"Class and Color at Century’s End" by James G. Leyburn, Ph.D. (1902-1993)
An excerpt from Leyburn’s The Haitian People (1941). Leyburn was an American sociologist who went to Haiti to observe its people. There he witnessed class and color inequality that was so extreme that he believed Haiti had a "caste" system.
Up to the time of the American Occupation of 1915, there were no other measures of much influence upon the status of the peasant. The whole impulse of the common people seemed to be toward the acquisition of plots of land for themselves. By the indifference or impotence of the state, they were allowed to install themselves upon government lands, there to found families and pass on the property upon which they had settled.

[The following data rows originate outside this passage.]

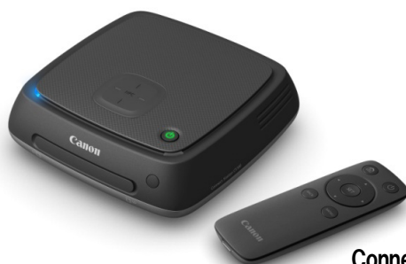
Connect Station CS100

キヤノンは、デジタルカメラなどで撮影した写真・動画の新しい楽しみ方を提供する新コンセプトの製品“Connect Station CS100”を2015年6月より発売します。
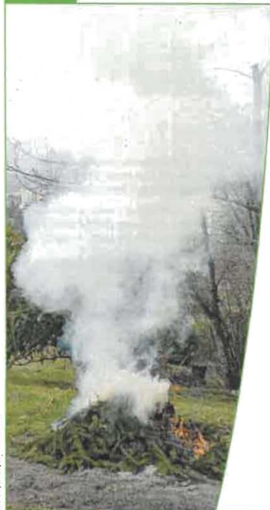
DRSA Rhône-Alpes - 04/2004 - Février 2013.
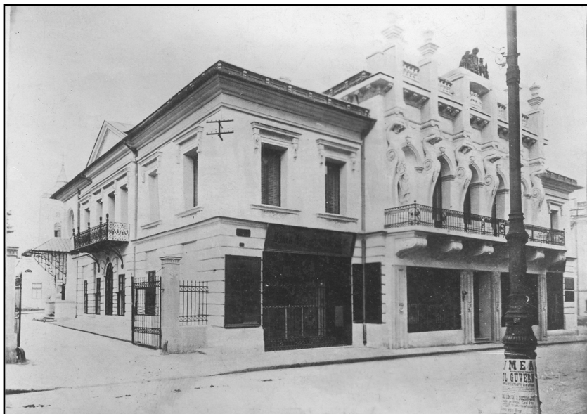
Fig. 2. Al doilea sediu: Palatul lui Al. I. Cuza, actualul Muzeu al Unirii (fotografie din 1951) (fototeca MEM)
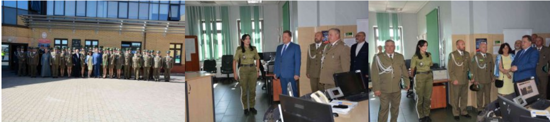
Uroczysty apel w PSG w Kuźnicy
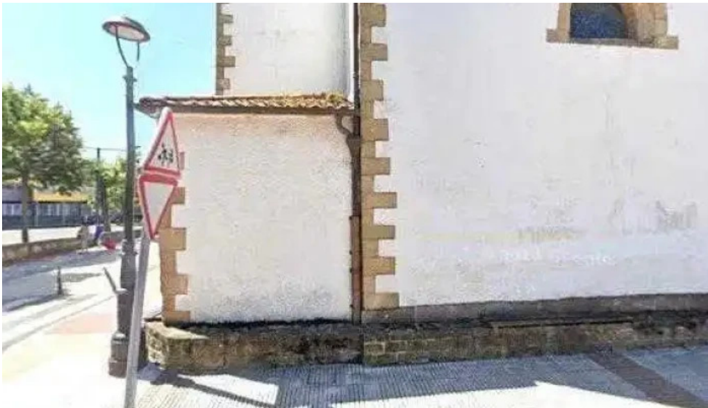
Ermita san pelaio fotos
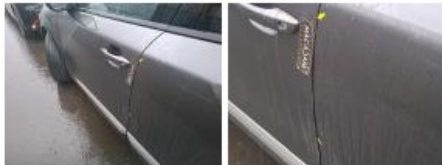
Porte ARD, Griffe(s), Acceptable
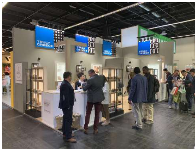
Νέα κατασκευαστική μας πρόταση
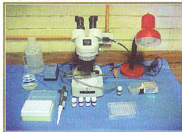
Figura 1. Equipo y materiales necesarios para determinar la citotoxicidad de extractos vegetales contra nauplios de Artemia salina .

tenía actividad positiva si era capaz de matar a más del 50% de los nauplios contra los que se enfrentó. Esto se realizó por triplicado por lo que el valor obtenido es el promedio de los tres pozos de prueba. Para el extracto etanólico que presentó actividad positiva contra los nauplios de A. salina en la fase de tamizaje, se procedió a determinar la dosis a la que el mismo era capaz de matar al 50% de estos crustáceos. Para esto se repitió el procedimiento aplicado en la fase de tamizaje, pero utilizando tres diferentes concentraciones del extracto (1.0, 0.5 y 0.25 mg/mL). El resultado se calculó mediante el programa estadístico Finney's Probit Analysis DOS (18).

With the peasants prevailingly satisfied in their daily round of life the separation of upper and lower castes in Haitian society has gradually become an accepted fact. At least ninety per cent of the total population now belong to the peasant group…. Of the remaining ten per cent of the population a small faction look upon themselves as élite. Some families of this group can be traced back to colonial times when their ancestors were already affranchis.

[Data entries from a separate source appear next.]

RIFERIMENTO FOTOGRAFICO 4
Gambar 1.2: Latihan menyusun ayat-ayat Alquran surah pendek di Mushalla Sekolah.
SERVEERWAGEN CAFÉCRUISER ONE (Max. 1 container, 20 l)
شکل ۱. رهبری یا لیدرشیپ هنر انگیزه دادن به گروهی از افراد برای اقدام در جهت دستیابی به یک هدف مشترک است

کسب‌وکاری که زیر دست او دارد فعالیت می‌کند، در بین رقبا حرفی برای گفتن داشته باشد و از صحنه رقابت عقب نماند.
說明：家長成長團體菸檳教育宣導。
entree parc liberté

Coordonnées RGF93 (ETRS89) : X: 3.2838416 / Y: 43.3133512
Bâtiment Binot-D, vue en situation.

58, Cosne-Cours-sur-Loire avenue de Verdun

It is significant that although the blacks had the government in their hands for three quarters of a century they were unable to effect any slight change either in caste membership or in caste lines.

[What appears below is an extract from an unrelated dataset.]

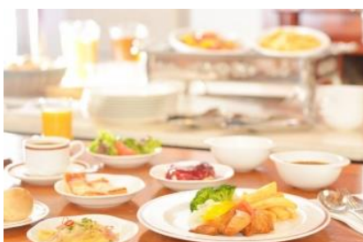
▲ブッフェブレイクファスト

スクランブルエッグやサラダ、パン、ソーセージ、ヨーグルト、フルーツなどさまざまな種類のお食事を用意しております。好きなメニューをお好きな量でお召し上がりください。感染症拡大予防対策を施しながら、ブッフェスタイルで提供いたします。
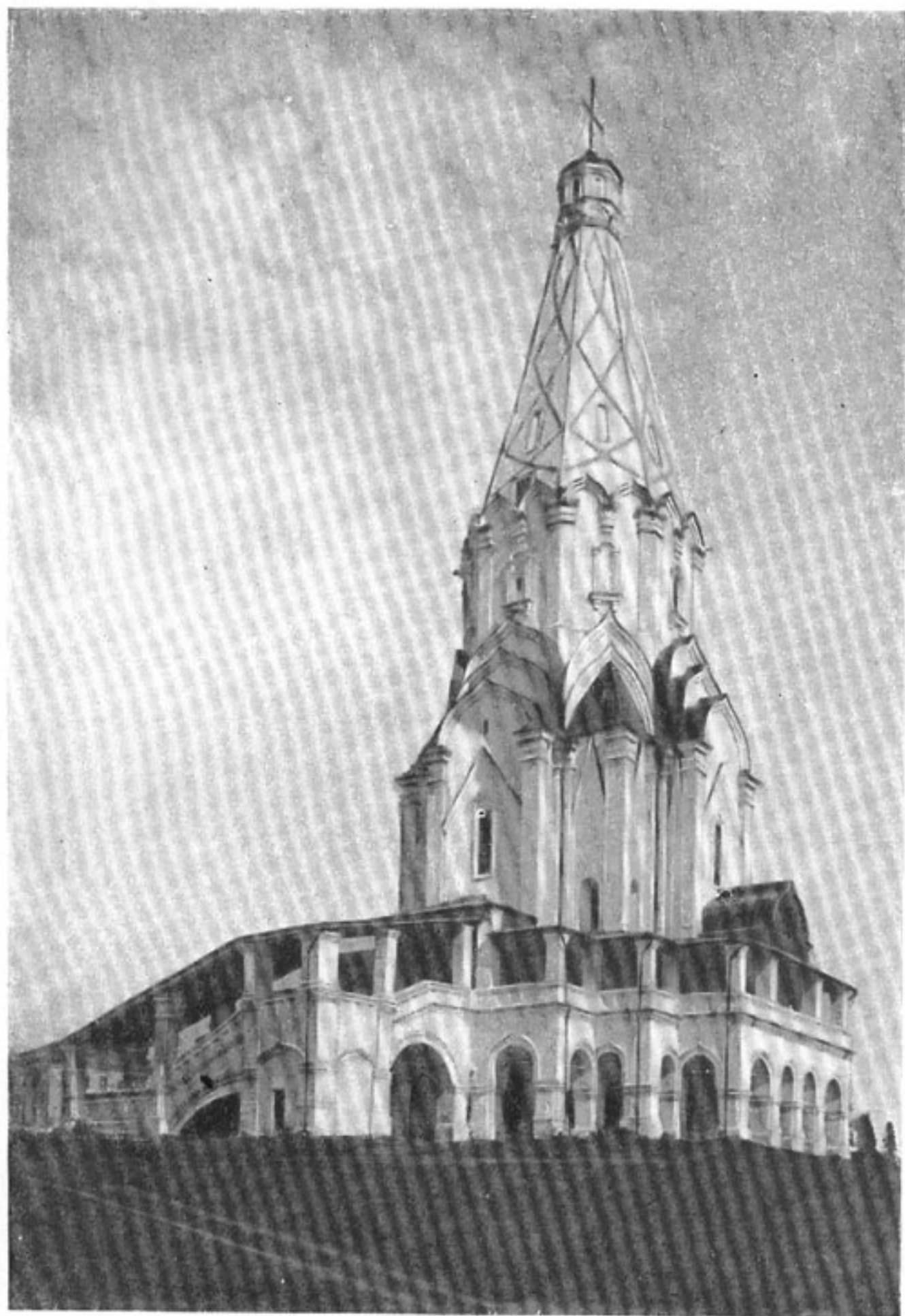
17. Церковь Вознесения в селе Коломенском под Москвой. 1532 г.

The part of the population which is neither élite nor peasant is not "middle class," as that term is understood in the Western World. It is rather a shifting percentage of Haitians whose one prevailing characteristic is their residence in towns. Some are wage earners, some small tradesmen; some are ex-élite on the way down the social ladder, while others are ex-peasants on the way up. Acceptance by the élite entails requirements severe enough to discourage many aspirants; at the same time, the heavens can be stormed by those willing to endure the heat and strain of battle. Lacking descent from former affranchis, the only means by which the ambitious may achieve entrance into the élite caste is by money, education, sustained social show and leisure, "proper" marriage, and separation from lower caste friends; and one generation rarely suffices to win acceptance by the élite.